Sama tapi tidak bersama, kalimat itu pas banget buat merayakan patah hati yang kesekian kalinya. Dan sebenernya kalimat itu gue dapet ketika lagi dengerin lagu Tulus Hati-hati di Jalan. Ini seperti Hymne patah hati di dunia gue sih, sebuah lagu untuk merayakan sekaligus mengenang sebuah kisah patah hati yang entah keberapa kalinya.
Awalnya gue percaya bahwa jodoh itu cerminan diri, tapi semakin ke sini, semakin gue menemukan banyak orang, gue ragu dengan hal itu. Terlalu sama juga tidak menandakan itu jodoh kita, hampir sama juga bukan berarti itu salah satunya. Banyak orang yang ternyata sama tapi hanya sebatas lewat, banyak orang yang bagaikan cermin tapi ternyata sebatas mampir. Mungkin juga sudah pada sama rasa tapi ternyata beda dunia.
Hal itu juga yang membuat gue sedikit malas dan memilih mengalir aja soal perasaan. Kalau suka ya udah biarin suka, gue selalu percaya semua ada batas waktunya, yang artinya perasaan gue juga bisa berakhir dan tumbuh berganti dengan perasaan lainnya. Semakin ke sini juga gue makin mikir lagi soal pernikahan. Rasanya pernikahan nggak segampang tentang 2 orang yang setuju buat nikah. Nggak sesingkat tentang perasaan saat itu-beberapa bulan kedepan-1 tahun-2 tahun. Entah kenapa semuanya berasa rumit, semakin ke sini banyak hal yang gue pertimbangan untuk menuju jenjang pernikahan.

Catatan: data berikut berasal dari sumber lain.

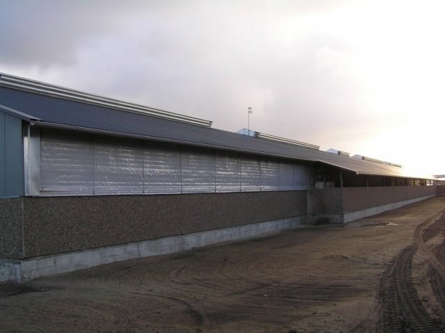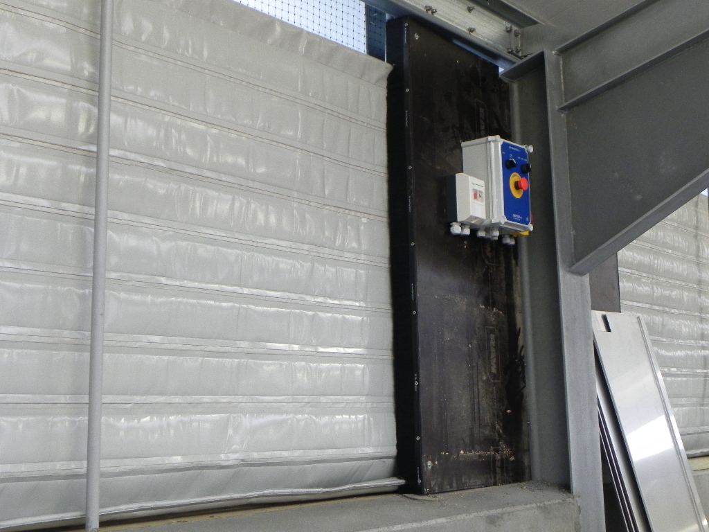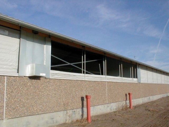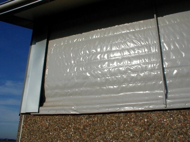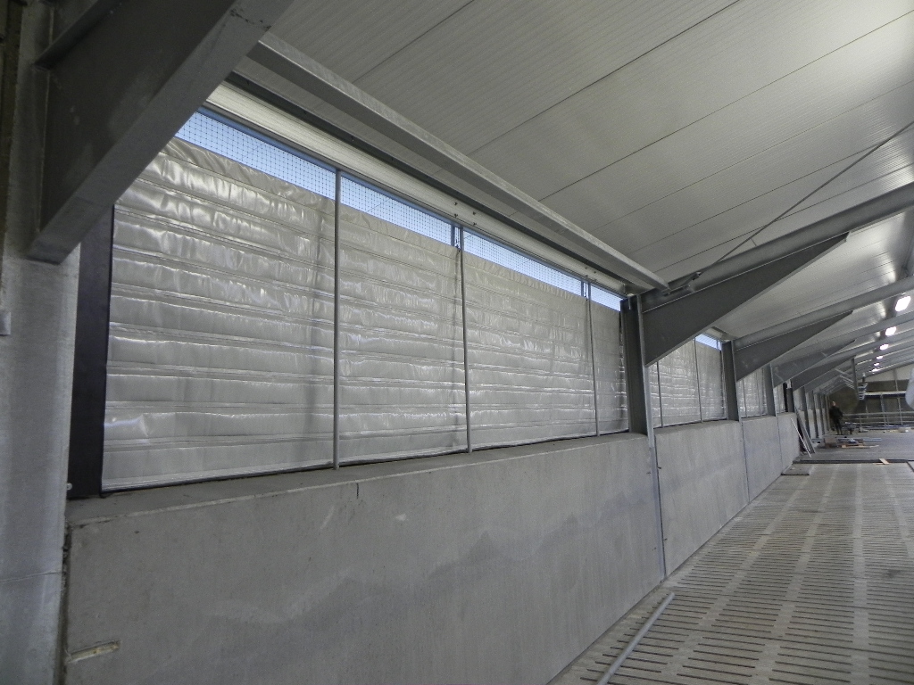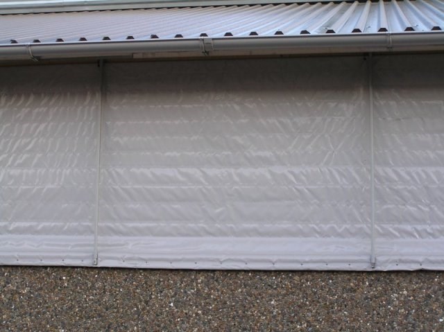 Gardinet fastgøres i bunden og hæves via wiretræk og hjul foroven. Der monteres indvendig og udvendig galvaniseret rør, som er beklædt med plastrør samt galvaniseret vindafskærmninger.​

Melihat situasi diri gue sendiri yang belum baik juga, emosinya masih naik-turun, tingkat kesabaran menghadapi sesuatu juga belum baik, masih ke kanak-kanakan juga, mood yang sesekali masih berantakan.
Sebagian dari diri gue sebenernya juga mikir, apa yang gue takutkan itu belum terjadi dan entah akan terjadi atau tidak, jadi jangan terlalu diambil pusing saat ini. Tapi tetep aja, gue takut dengan hal itu. Mungkin karena gue juga belum menemukan seseorang yang membuat gue yakin bahwa dengan dia semua akan baik-baik aja.
Untung aja sih, keluarga gue bukan tipikal memaksa segera nikah diusia 24 tahun ini. Jadi itungannya masih aman aja, santai. Semua bakalan ada waktunya masing-masing, dan perkara sakral ini juga bukan perlombaan.